I was laying in bed perusing an Alaskan Malamute rescue organization's website, hey, we all have our hobbies, when I came across a big eared, gangly-legged boy. I turned to Ry, shoving the screen of my iPhone assertively into his face. I have shown him many, many, many profiles and photos of adoptable pups over the years, but as he tilted his head to the side I saw the corners of his lips curl upward. That was all the green light I needed to immediately send in an application pleading with the powers that be to consider us. It was an incredibly extensive application which required photos of our fences to prove it's height and durability. Luckily for us, whoever owned our home previously believed in locking themselves behind a stealthy forest of timber and concrete, but I like to think it was the impassioned letter I wrote describing the life I envisioned for this proclaimed high energy fella that swayed them to pick us. A few days later we received an email stating that Jasper's foster mom picked our application out of the bunch.
Osa and I drove two hours north with one objective: meet Jasper, and a secondary objective pending how the first concluded: bring Jasper home.

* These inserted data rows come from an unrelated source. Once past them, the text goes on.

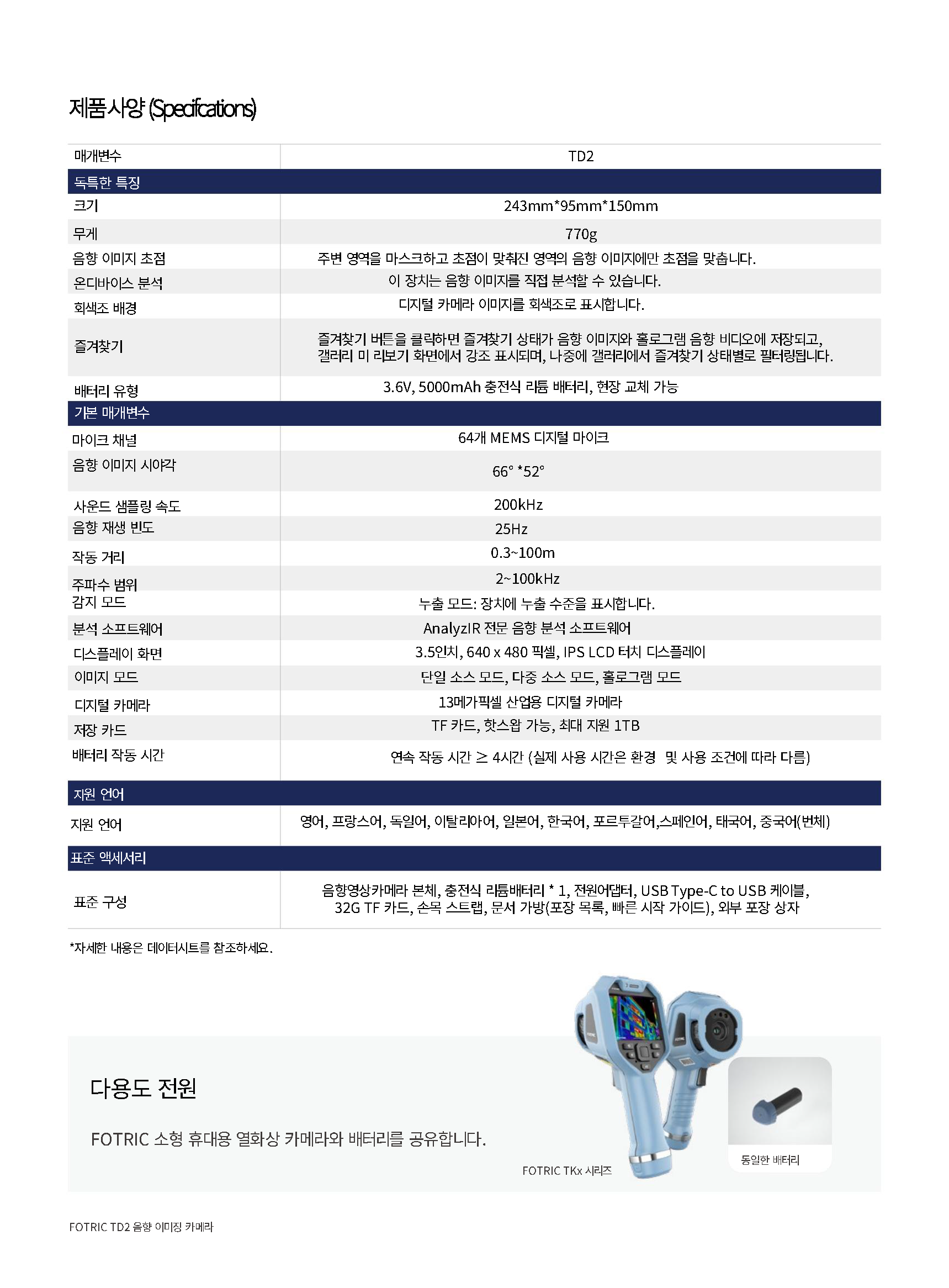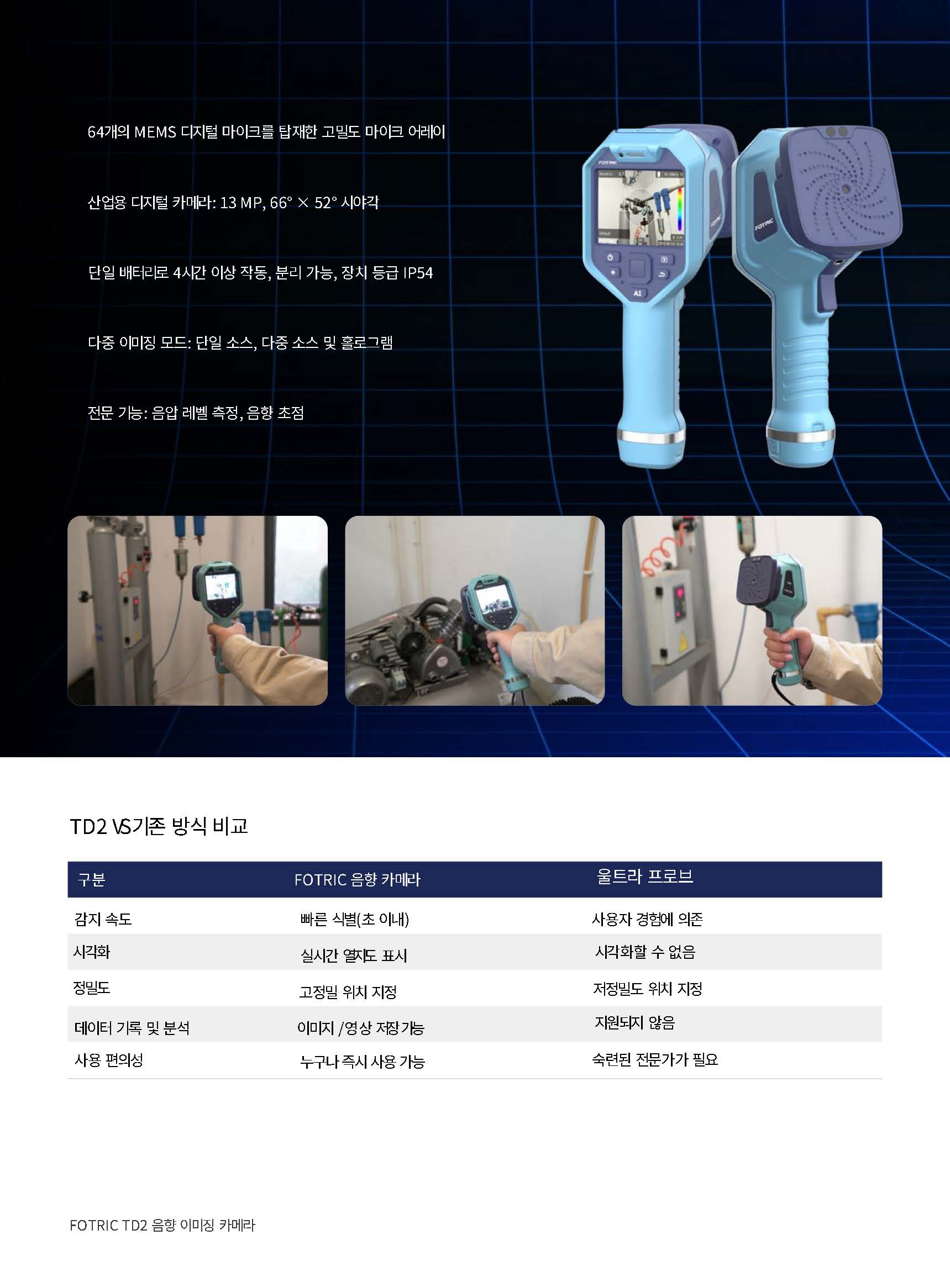 음파카메라 (음향이미저) TD2 공기압축누기 검출 고전압설비의 부분방전 검출 기계 및 모터의 불량 진동 탐지 제조사 FOTRIC 제품명 음파카메라 (음향이미저) TD2 제품번호 TD2 구매하기 견적문의 ※ 제품 구성품 (소프트케이스 무상 제공) TD2 데이터시트 확장자 : pdf 파일크기 : 1.64MB 다운로드 목록
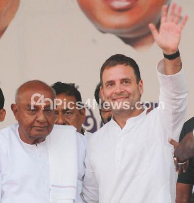 Event Description : Congress president Rahul Gandhi seen with former Prime Minister and JDS Supremo, HD Deve Gowda, CM HD Kumarswamy, Congress leaders Siddaramaiah, KC Venugopal and others at the Lok Sabha Election Rally at BIEC, Tumkur Road, with coalition partners JDS, in Bengaluru on Sunday 31st March 2019
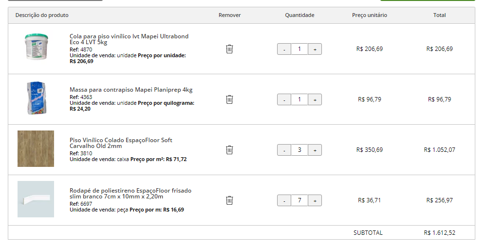- Massa de regularização (salvo linha Loose Lay – autoportante).
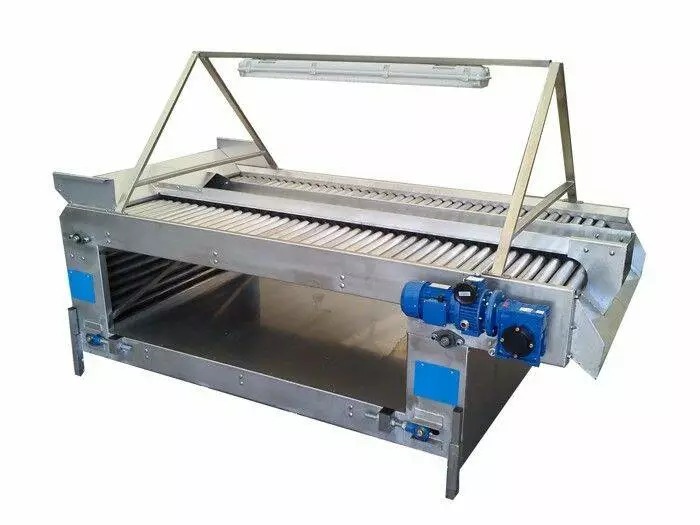 Ролики забезпечують переміщення овочів та одночасне їх обертання, що забезпечує максимальний огляд коренеплодів з усіх боків.
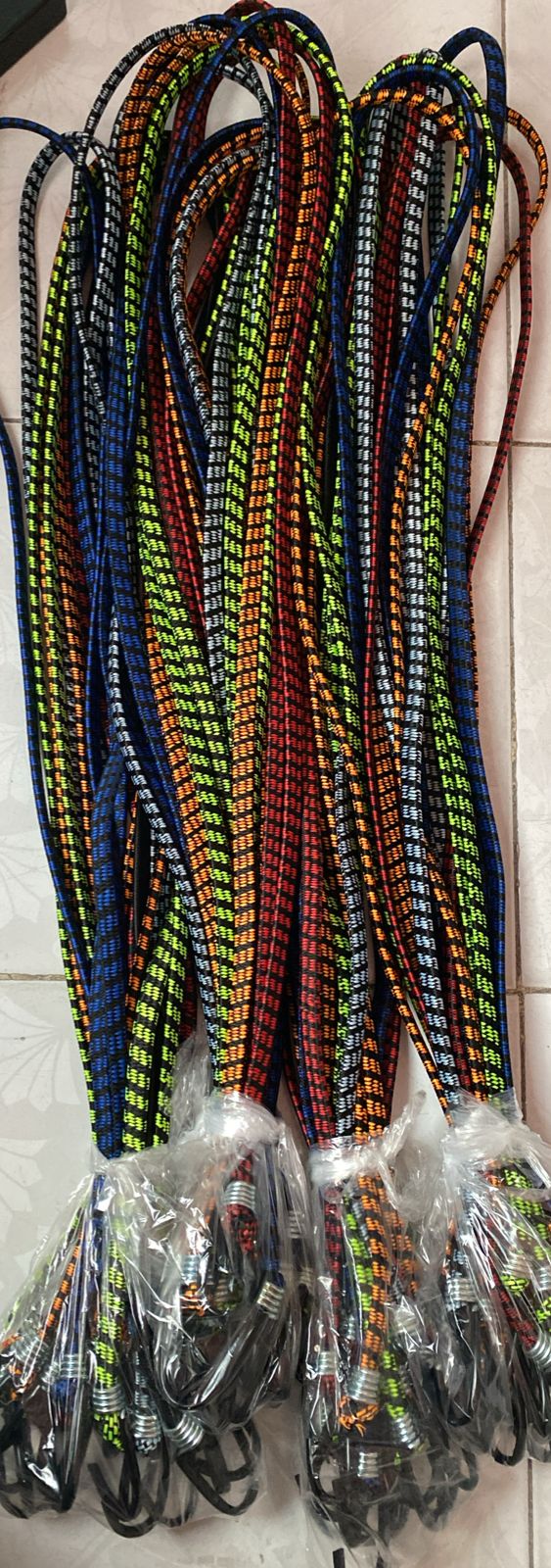 •Pulpo elástico de varias medidas de longitud hasta 1.35 cm elaborado manualmente con látex, hilaza y poliéster. Estiran adicionalmente un poco mas de 3 metros
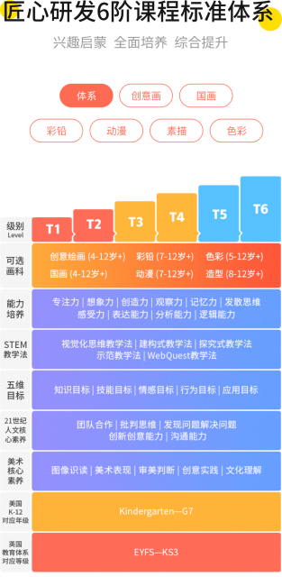 课程以美术宝独有的ART CLASS在线直播技术为授课平台,共包含六大经典科目:创意绘画(含线描)、油画、国画、动漫、彩铅、素描(含速写),每个经典画科从易到难包含6个级别,每个级别为48节全年课包,每个课包含6个单元,每单元设置为8节课。整套体系满足4-12岁适龄儿童不同难度不同需求。
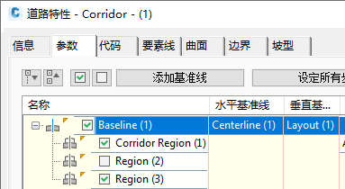 对于长道路或道路网络,可以创建多个区域以进行建模。一般情况下,道路区域用于标记不同装配的使用,并在一个装配的结束处和另一个装配的开始处具有区域边线。但是您也可以在不更改装配的情况下添加区域。其他区域的值为控件 — 您可以使用“道路特性”对话框关闭当前操作不需要的区域建模,如图 13 中所示。这可以提高道路重新生成的速度。
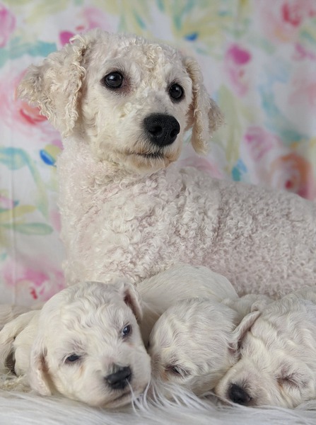 These puppies are non-shedding and hypoallergenic! They love to play and romp, but also make a good lap dog when it's nap time! They are perfect for families with kids
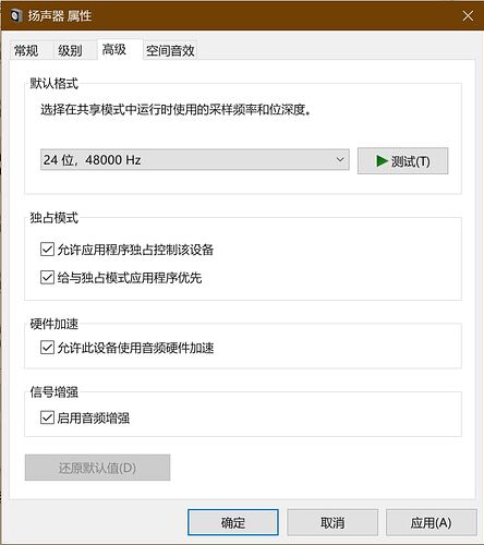 之前朋友的音响年纪大了 低频盖过中高频 拿这个简单做过补偿 后来系统更新了就没了 然后忘了怎么折腾驱动 选项回来了 但是根本不起作用 最后在 Equalizer APO 里重新调了一个,不过Equalizer APO我记得是按音频设备(或者说声卡)来分的,所以如果是使用机器上的3.5mm可能无法自动切换得再接个小尾巴,懒得再试了,楼主感兴趣的话自己验一下
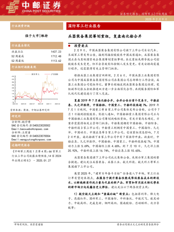 【中邮证券】【20250209】国防军工行业报告:兵器装备集团筹划重组,复盘南北船合并-14页 行业研究
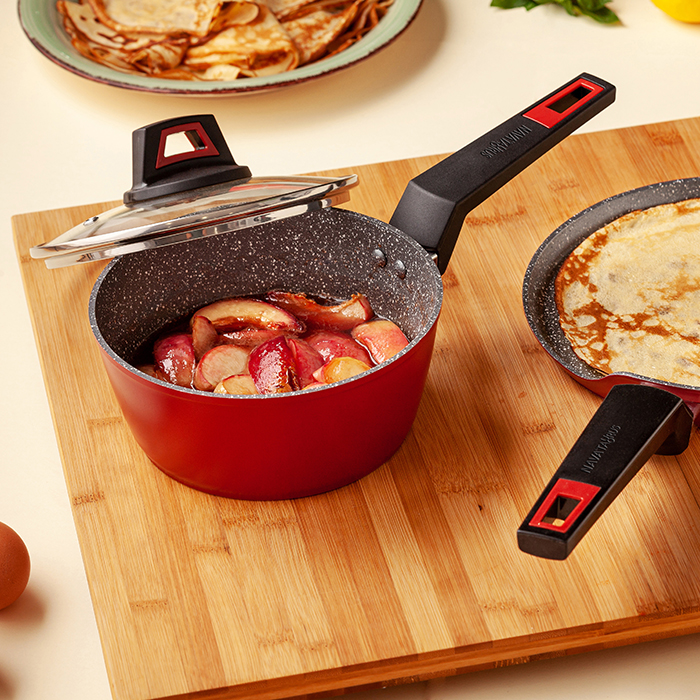NAVA – Γαλατιέρα – σωτέζα “TAURUS” με καπάκι και αντικολλητική επίστρωση stone 18cm
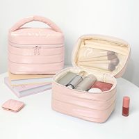 Kadınlar için kabarık seyahat makyaj çantası dahili cepler ile hafif su geçirmez makyaj organizatör katlanabilir kozmetik çantası
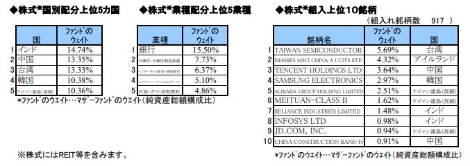 主要組入国は、インド、中国、台湾、韓国、ケイマン諸島です。詳しく見ると、東欧諸国もほんの少し入っているようです。
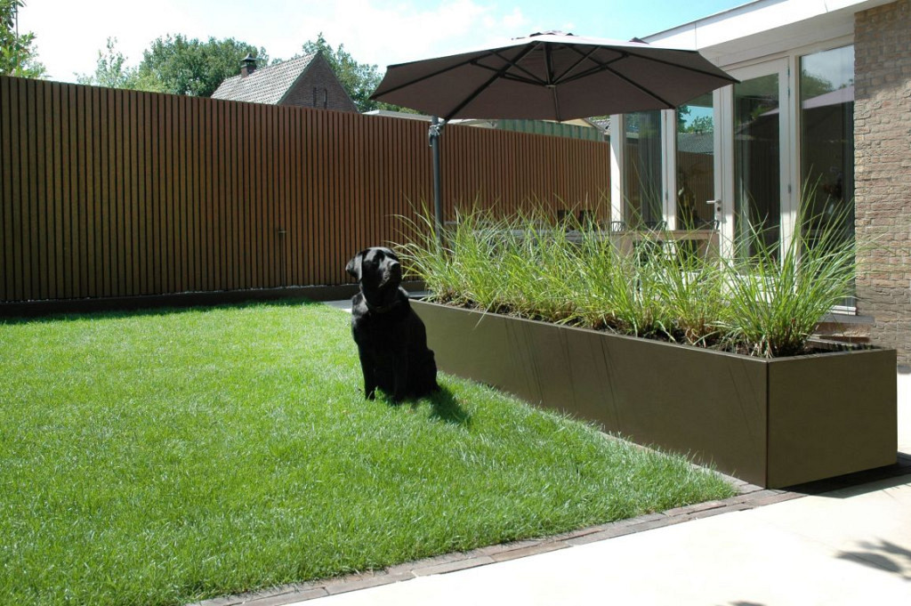 In supra bruin straalt de bak warmte en elegantie uit. De kleur doet denken aan aarde en brons en sluit prachtig aan bij hout, steen en groene beplanting. De matte poedercoating draagt bij aan bescherming tegen krassen bij normaal gebruik en tegen weersinvloeden, zodat de rijke, bruine tint langdurig zijn karakter behoudt.
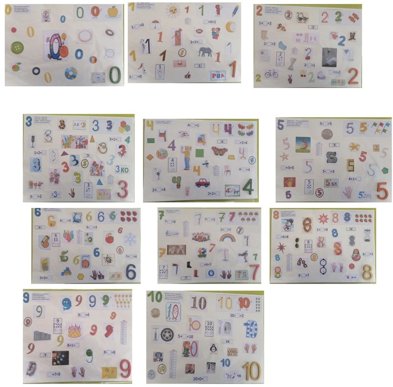 Числовой фриз - это последовательность из 11 страниц, расположенных в порядке возрастания представленных на них чисел. Каждая страница - это тематический коллаж, на котором представлен образ цифры, соотношение количества предметов с числами первого десятка. Каждая страница — это тематический коллаж, собранный в аппликативной технике из картинок, представляющих собой качественную характеристику числа.
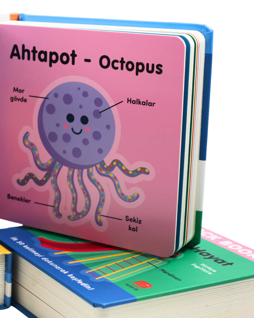 Canlı renkler ve net çizimlerle hazırlanan sayfalar, öğrenmeyi keyifli hale getirirken dokunarak keşfetmeyi de teşvik ediyor. Dil gelişimini destekleyen bu kitap, miniklerin hayal gücünü zenginleştiriyor ve kitap sevgisini pekiştiriyor.
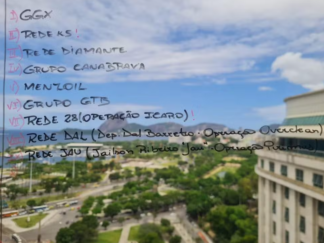 O material apreendido inclui ainda listas de pessoas, empresas e operações, além de referências como “mapeamento do Judiciário”, “mapeamento das Procuradorias estaduais”, “mapeamento do ministério” e “mapeamento dos portos”. Segundo investigadores, trata-se de um levantamento interno produzido pela própria Refit.
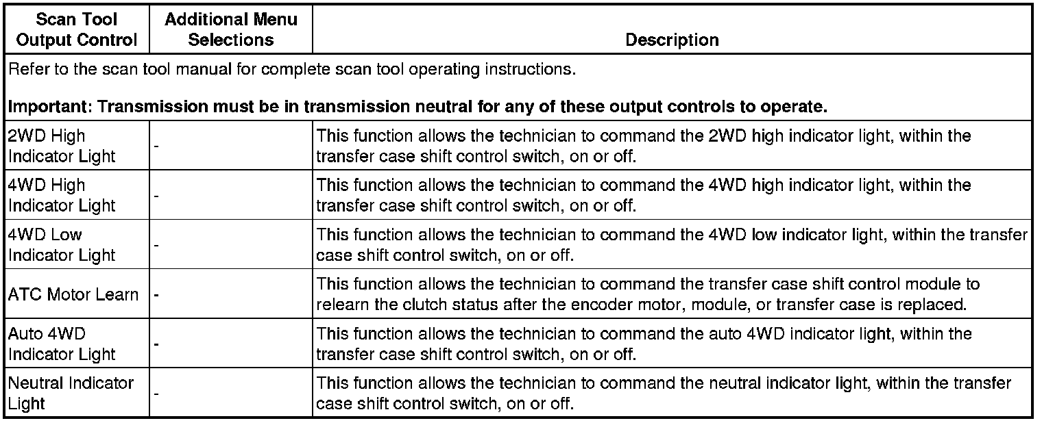 Scan Tool Output Controls
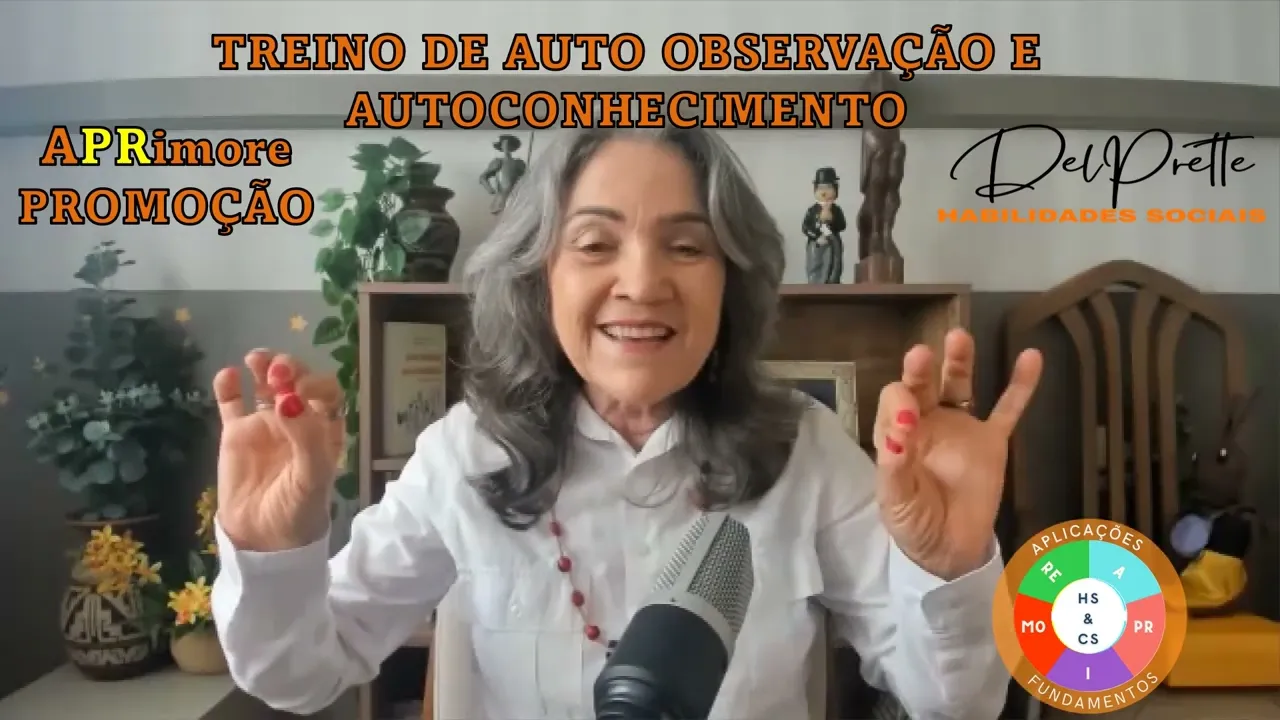 [Música] e a nossa aula de hoje é sobre treino de auto-observação e autoconhecimento que na verdade se Embasa no treino de observação Ah nós podemos dizer que a habilidade de observar é uma das mais básicas paraa competência social Você sabe por quê Porque ela está na base da automonitoria na base da análise de contingências do autoconhecimento do conhecimento sobre o ambiente social enfim em cada uma das habilidades sociais que que nós vamos a promover dentro de um programa de competência social e habilidades sociais enfim todos aqueles requisitos que nós chamamos de requisitos da competência social
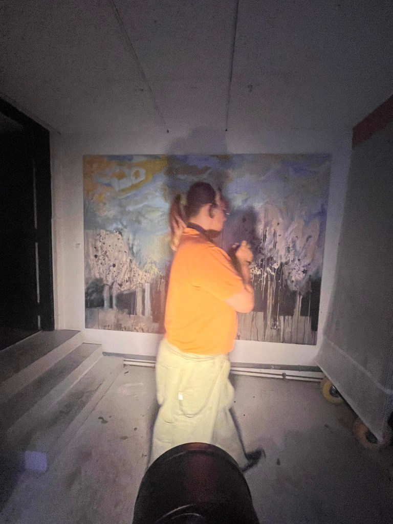 . og så få dem afvist lol på månen !! malerierne får sådan nogle mærkelige skæbner , har fundet ud af det er det jeg elsker ved at male udover self selve det at male (det lidt mekaniske og blande ting og få ting til at fæstnes med hånden , luksus) er at følge deres skæbner rundt i soveværelser og kældre og mine forældre der har et kæmpe guldmaleri inde i deres stue og sender mig billeder når lyset er på en eller anden måde og køre til horsens og snakke med en blomstermaleri pusher SÅ fucking nuttet man deler det der rørte space , betagede space , og alle der elsker det og dyrker det har det som en lille bly business at det hele er ånd og hjerte og hemligheder loll. udenfor institutionen …. tilbage til de intime svagt belyste rum med malerierne!!!! lissom med musik

The dogs, utter strangers, immediately took to each other. While they chased and wrestled and took breaks to guzzle water, I spoke with the woman who ran the rescue organization. She told me that Jasper was purchased from a breeder by a woman who, frankly, had no business getting another dog. She had several children and several dogs at home already and was completely overwhelmed by the addition. Jasper spent the first nine months of his life living in a pit of mud in her back yard. She called the rescue organization and asked if they could take him off her hands- what is known in the adoption circle as an "owner surrender." When she was asked for photos of Jasper that the organization could add to his online profile she sent pictures that were taken through the screen of a window. She couldn't even walk outside to join him. This thought still devastates me.
But he would never know that type of solitude again, I promised him as I drove southbound on Interstate 5.
We are the family that came together because we were all offered second chances, and I think that pushes us to provide a life of extraordinary love and endless adventure for one another, a life we all deserve.